* Source material

== Segment start ==

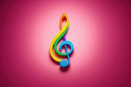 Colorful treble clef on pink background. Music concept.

== Segment end ==
== Segment start ==

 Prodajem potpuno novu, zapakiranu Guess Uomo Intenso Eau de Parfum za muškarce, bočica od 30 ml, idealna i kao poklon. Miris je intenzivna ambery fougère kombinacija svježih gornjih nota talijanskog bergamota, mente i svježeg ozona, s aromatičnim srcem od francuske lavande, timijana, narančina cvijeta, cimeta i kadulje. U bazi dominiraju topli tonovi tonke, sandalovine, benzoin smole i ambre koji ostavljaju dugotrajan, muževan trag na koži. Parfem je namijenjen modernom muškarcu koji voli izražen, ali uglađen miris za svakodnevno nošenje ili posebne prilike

== Segment end ==
== Segment start ==

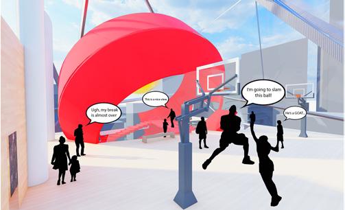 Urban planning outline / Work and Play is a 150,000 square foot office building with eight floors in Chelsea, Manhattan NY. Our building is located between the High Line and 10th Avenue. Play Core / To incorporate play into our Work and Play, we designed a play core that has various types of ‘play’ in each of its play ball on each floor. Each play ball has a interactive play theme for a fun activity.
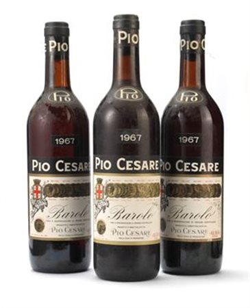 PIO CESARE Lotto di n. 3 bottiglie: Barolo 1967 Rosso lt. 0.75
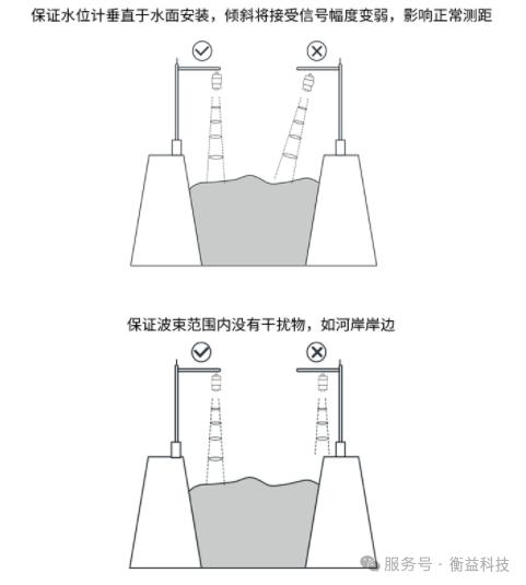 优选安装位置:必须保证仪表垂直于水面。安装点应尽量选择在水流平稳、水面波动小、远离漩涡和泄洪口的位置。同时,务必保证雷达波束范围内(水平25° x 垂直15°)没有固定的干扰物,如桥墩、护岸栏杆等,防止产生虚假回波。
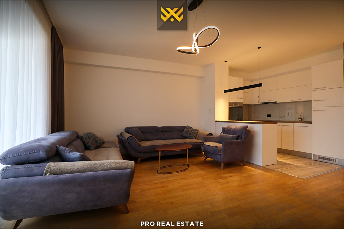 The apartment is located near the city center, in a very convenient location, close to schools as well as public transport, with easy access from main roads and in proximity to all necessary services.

== Segment end ==

Reproduce, word for word, only the lines in the records above from the line with "PIO CESARE Lotto" through the line with "The apartment is", including both ends; omit the pictures.

* Problem solution
 PIO CESARE Lotto di n. 3 bottiglie: Barolo 1967 Rosso lt. 0.75
 优选安装位置:必须保证仪表垂直于水面。安装点应尽量选择在水流平稳、水面波动小、远离漩涡和泄洪口的位置。同时,务必保证雷达波束范围内(水平25° x 垂直15°)没有固定的干扰物,如桥墩、护岸栏杆等,防止产生虚假回波。
 The apartment is located near the city center, in a very convenient location, close to schools as well as public transport, with easy access from main roads and in proximity to all necessary services.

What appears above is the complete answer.